Kind of similar to any of the magical girl series, or anything else with cute girls in stylish costumes fighting evil. The best matches for the mood and action overload, however, would be the out-of-control chaos of Geobreeders and its sequel, and perhaps the tweaker of fantasy series, Dragon Slayer.

Notes and Trivia

Wild Cardz (or rather JajaUma Quartet) is a small collection of media tie-ins. It started off in 1995 with some illustrations by character designer Noritaka Suzuki published in the anime magazine Monthly OUT (renamed Magazine MEGU during the run), followed with a series of radio drama CDs, then the two anime videos (amusingly VHS only--the only DVD release to date was in the US), and finally a 1998 Playstation game subtitled "Mega Dream Destruction" (the funky opening animation is on YouTube).

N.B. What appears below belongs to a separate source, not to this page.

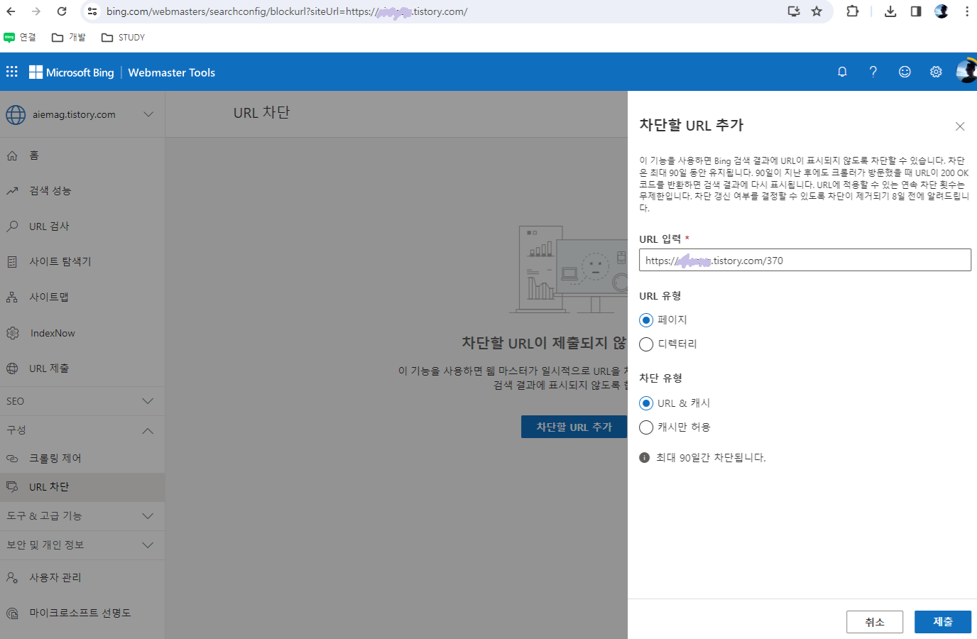 - 빙 웹마스터도구 접속(https://www.bing.com/webmasters)의 URL 차단 메뉴에서 검색 제외

In the linguistically mixed original title (the first part is written in Roman characters: JaJa馬!カルテット), "Jaja Uma" is a moderately insulting (though not particularly crude) Japanese expression for a headstrong or unmanageable woman, roughly equivalent to the rather old-fashioned "shrew." The Japanese title of Shakespeare's Taming of the Shrew, "Jaja Uma Narashi," uses the phrase, though it doesn't appear that the title of this series is a reference to it.

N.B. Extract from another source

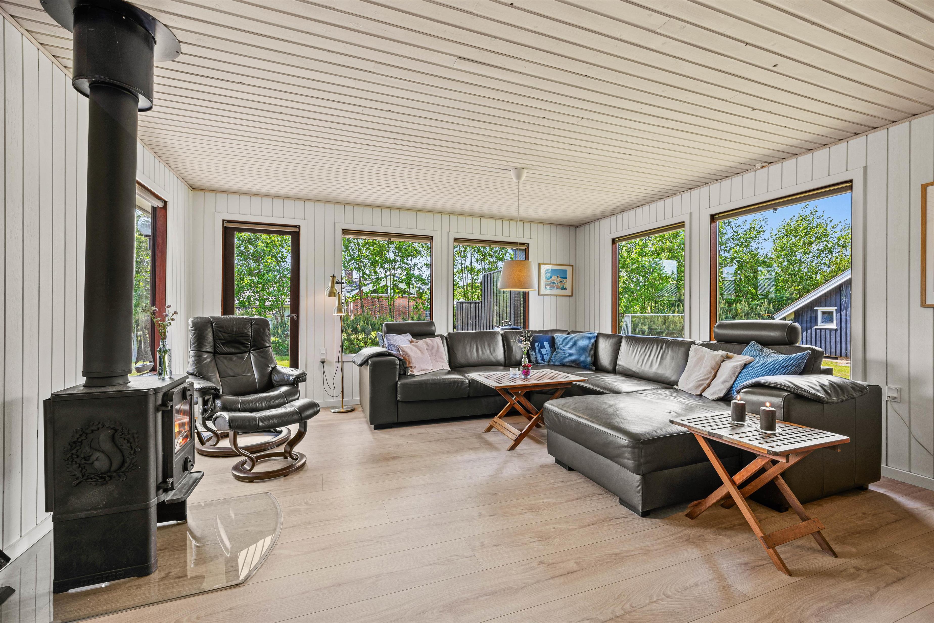 Husets centrale samlingspunkt er uden tvivl foran brændeovnen i stuen, der skaber en varm og hyggelig atmosfære på kolde dage, og med varmepumpen sikres det perfekte indeklima uanset årstiden, så I altid vil kunne hygge jer i stuen uden at fryse om fødderne. Der er plads til op til seks personer fordelt på et dobbeltværelse og fire enkeltsenge i de tre soveværelser.

Coco Heartful is voiced in Japanese by Momo Yomezawa in her only known anime role.

US DVD Review

Nothing special, but a solid production. The video transfer is acceptable and the Japanese and English stereo soundtracks sound fine. The English "subtitle" track, however, is a lot closer to the dub script than the actual Japanese dialogue. The only special feature is some clips highlighting the voice talents of the actors (in both English and Japanese, for a change).

Parental Guide

A very brief flash of nudity and some non-graphic mass havoc along with a few small bits of off-color humor account for USM's 13-up suggestion, though really, 10-up is reasonable.

Violence: 2 - Lots of destruction, but little or no blood and death.

Nudity: 1 - Short skirts and a very brief flash or two of skin.

Sex/Mature Themes: 1 - A few non-G-rated jokes and comments.

Language: 0 - Nuthin'.

Availability

Previously available in North America from US Manga Corps on a budget-priced hybrid DVD, reprinted once with different box art. Prior to that was available on a single subtitled or dubbed VHS volume.